Fewer injections into the eye and lower cost than the other FDA-approved drug: What's not to like about Regeneron Pharmaceuticals' (NAS: REGN) Eylea, which was approved on Friday?
Well, there's the off-label drug that costs about $50 per dose -- around $10,000 annually less than Eylea.
Regeneron had an interesting dilemma in pricing the age-related macular degeneration market. Its main FDA-approved competition is Roche's Lucentis, which sells for around $2,000 per dose and has to be injected every month. Eylea only has to be injected every other month, so theoretically could be priced at double the cost. But Roche's Avastin is often used to treat AMD, even though it's approved to treat cancer, and because a doctor can get multiple treatments per vial, the cost is reduced down to $50 per treatment.
To compete with Lucentis and make it a more attractive alternative to Avastin, Regeneron decided to undercut Lucentis, pricing Eylea at $1,850 per dose. Remember that the drug only has to be injected half as often, so we're talking about half the cost. Health insurers and Medicare also save money because there will be fewer office visits, which typically cost $250 to $300 each.

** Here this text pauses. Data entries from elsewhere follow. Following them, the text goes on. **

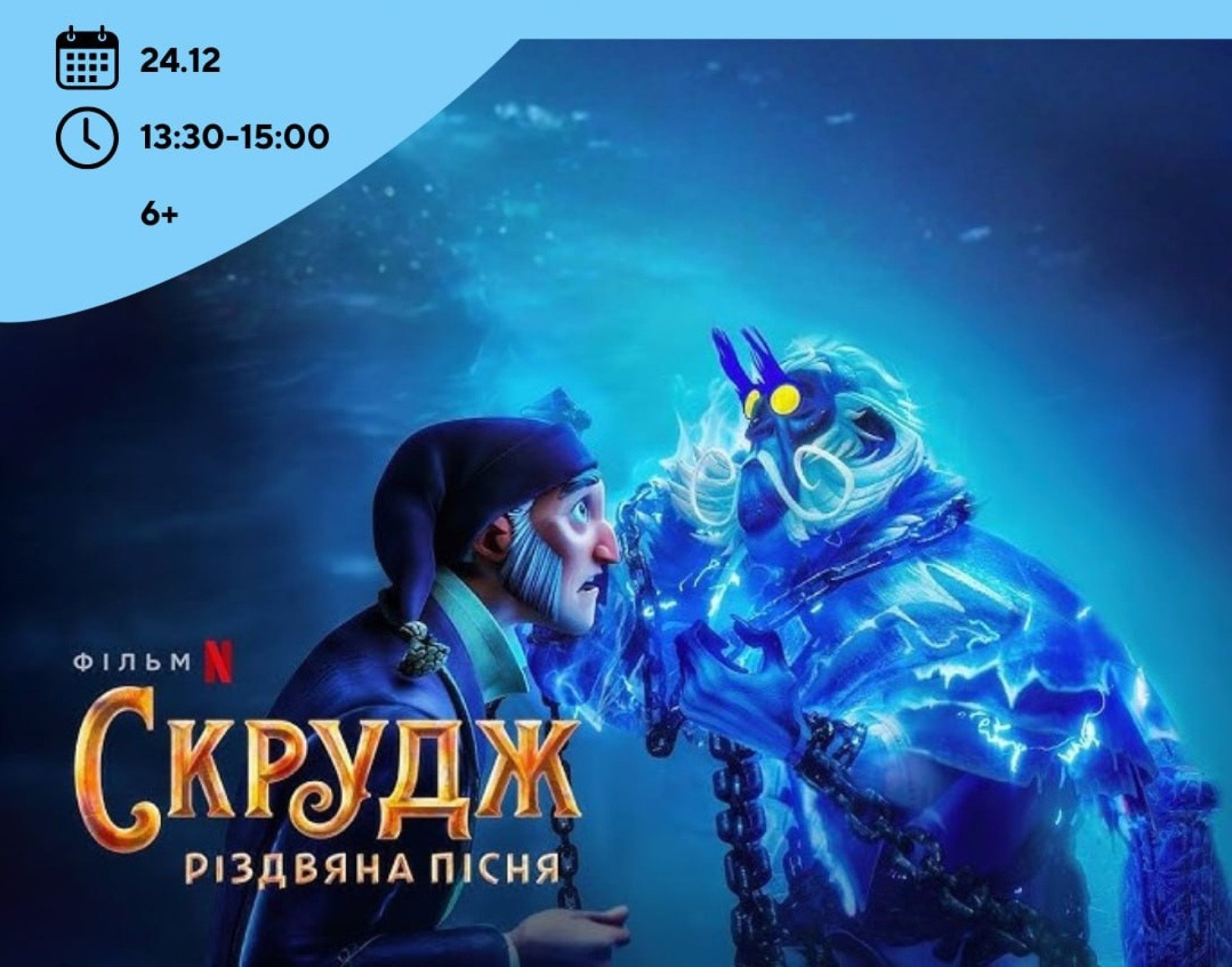 Фільм «Скрудж: Різдвяна пісня» розповідає історію чоловіка, який уникає радості, теплих емоцій і різдвяних традицій. Завдяки зустрічам із духами Різдва герой поступово змінюється, відкриває серце до співчуття, турботи й добрих вчинків. Організатори зазначають: ця історія зрозуміла дітям і водночас дає прості, але важливі сенси — про емпатію, щедрість і силу змін.
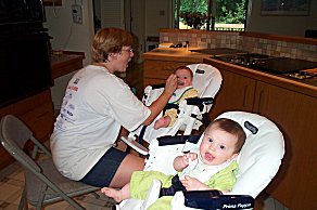| When they were 5-1/2 months old, we started the kids on solid food. This is an interesting exercise, since all they know how to do is suck; so they had to learn to chew and swallow. Also, we were still in the lovely corporate condo and we didn't have any high chairs, so they got fed in their bouncy chairs... | ![]() |
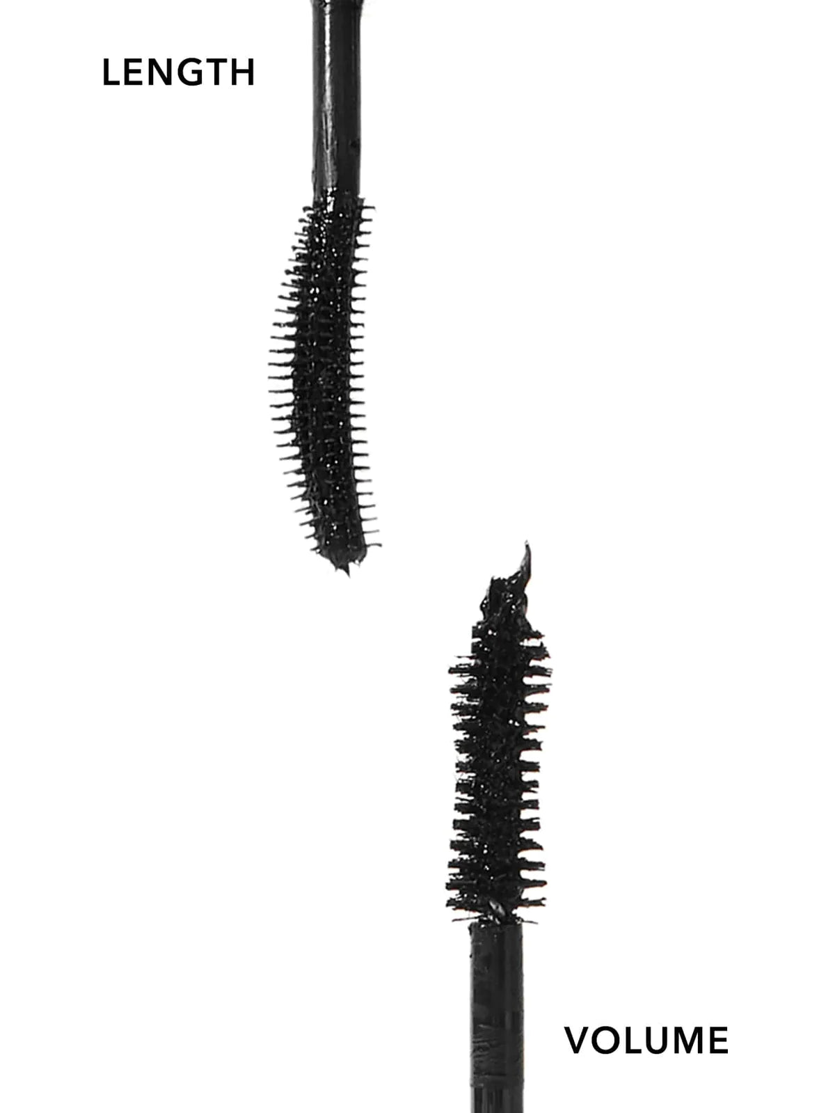 Brush 1: Lifted and Luscious Eyelashes Our patented silicone brush has a curved silhouette with nine rows of bristles and two loading arches. It’s designed to perfectly sweep up every last lash – even the tiniest ones. Our volumizing formula glides effortlessly through your eyelashes to create a volumized, lifted, and curled look. Brush 2: Intense Volume Our second brush boasts an hourglass shape, designed to fan out the lashes and create intense volume. The buildable and lash thickening formula is designed for maximum drama, making it an essential for transforming your day look into your night look.
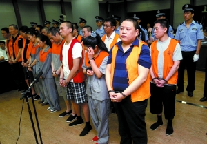 胡毅(前排右一)等18名被告人被帶上法庭。昨日,騙取北京農(nóng)商行7.08億貸款的嫌疑人庭上受審。本報記者 王貴彬 攝
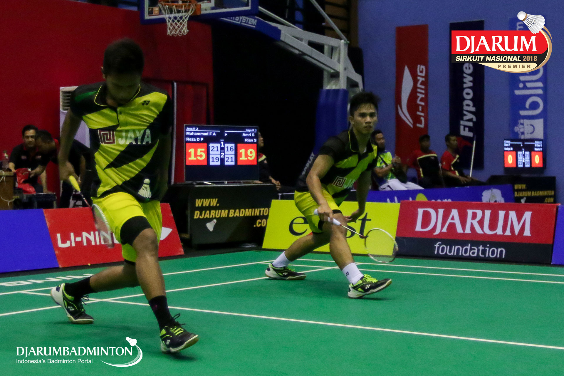 Muhammad Fachrikar Adma Parlindungan Man/Reza Dwicahya Purnama (Jaya Raya Jakarta, Jakpus) mengembalikan shuttlecock
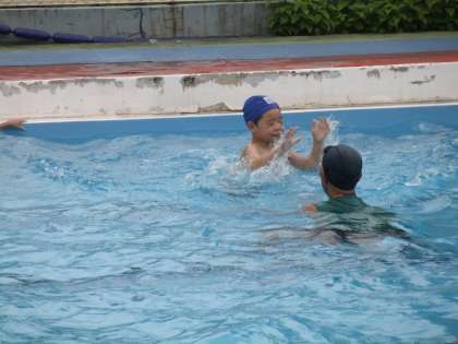 1学期末、1・2・3年生の合同水泳指導がありました。普段1・2年生、3・4年生、5・6年生と2学年合同での水泳指導を行っているので、子供たちは新鮮だったようです。その前には4・5・6年の合同水泳も実施しており、その様子はホームページでも紹介しております。

Like all doctor-administered drugs, doctors will have to buy Eylea and then bill health insurers and Medicare to get reimbursed. Unfortunately, Eylea will be billed under a miscellaneous code for Medicare until it receives a J-code in 2013, which will delay those payments. Having learned from Dendreon (NAS: DNDN) , the company plans to offer extended trade terms and credit options to make sure the doctors don't have to front large amounts of cash before being reimbursed.
There are plenty of examples of superior drugs that had trouble competing with inferior products just because the latter was much cheaper; the launch of generic versions of Merck's (NYS: MRK) Zocor negatively affecting Pfizer's (NYS: PFE) Lipitor is a prime example. I think Regeneron did the right thing pricing Eylea where it did, but whether it'll be enough to make a dent in Avastin's market share remains to be seen.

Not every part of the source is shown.